The women's shot put competition at the 2016 Summer Olympics in Rio de Janeiro, Brazil. The event was held at the Olympic Stadium on 12 August. Each athlete receives three throws in the qualifying round. All who achieve the qualifying distance progress to the final. If less than twelve athletes achieve this mark, then the twelve furthest throwing athletes reach the final. Each finalist is allowed three throws in last round, with the top eight athletes after that point being given three further attempts.

Summary
Valerie Adams entered as the defending Olympic champion from 2012 (initial champion Nadzeya Ostapchuk remained banned for doping).
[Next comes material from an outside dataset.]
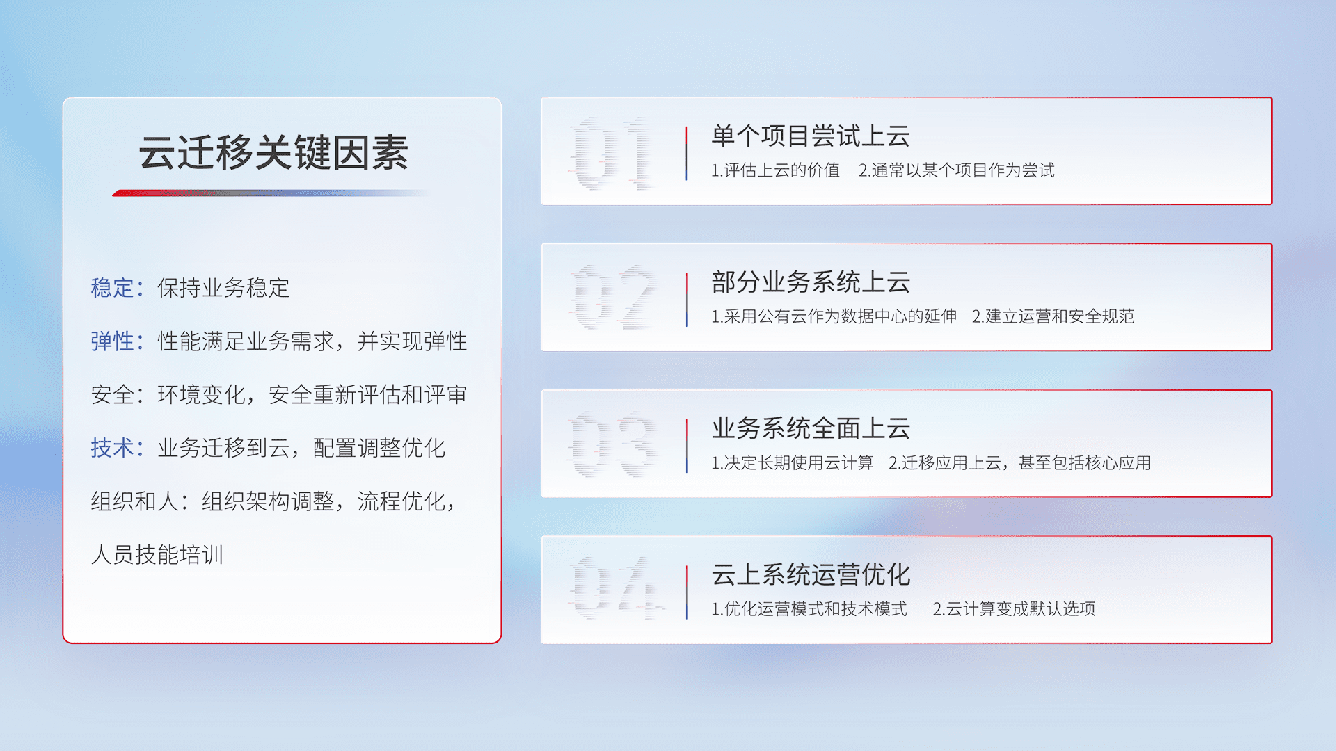 结合实际业务,,,,从规划设计、、云平台选型、、云原生改造、、、数据迁移、、集成交付,,迁移全过程为客户识别最佳上云路径,,,,做好风险识别管理,,设计网络架构、、身份权限、、安全审计合规、、、操作审计、、、、日志审计、、、监控告警策略、、、、多站点容灾设计等,,,,对云上基础设施进行整体规划,,,,提升IT治理水平,,以满足弹性、、、、高可用、、、高性能的需求。。

Adams had regained form, ranking second in the world with 20.19 m, after two injury affected seasons. Christina Schwanitz had won the 2015 World Championships in her absence and had taken gold at the European Championships the previous month with a throw of 20.17 m. Gong Lijiao (the 2015 world runner-up) led the rankings at 20.43 m. Michelle Carter, who had won World Indoor and American titles that year, was the only other woman to have thrown beyond twenty metres that year.

In the qualifying round, Adams was best with her only throw of 19.74 m, while Schwanitz and Carter also went beyond nineteen metres, though Carter took two attempts to get the automatic qualifier. Gong, Anita Márton, and Raven Saunders were the other automatic qualifiers. American Felisha Johnson, who was eighth on the season's lists, was the most prominent athlete who failed to progress to the final.

In the final, Valerie Adams looked set to claim a third straight title.  She took the lead after the first round with a 19.79 m and improved her position with a throw of 20.42 m in the second round. Carter sat in second position through all the rounds of the competition with a 19.12 m in the first and 19.82 m in the second (which only briefly held the lead until Adams could throw again). Schwanitz held the bronze medal position in the first round, but was overtaken by Gong in the second.  Márton equalled Gong with a third round 19.39, but was still behind on the tiebreaker.  In the final round Márton threw a Hungarian record 19.87 m to take over bronze medal position, equalling Carter's best at that point but still down due to the tie breaking second throw. In the final round Carter delivered an unexpected American record of a whopping distance of 20.63 m to take the lead. In the last throw of the competition Adams went beyond twenty metres again but her mark of 20.39 m came up short and Carter succeeded her to the title.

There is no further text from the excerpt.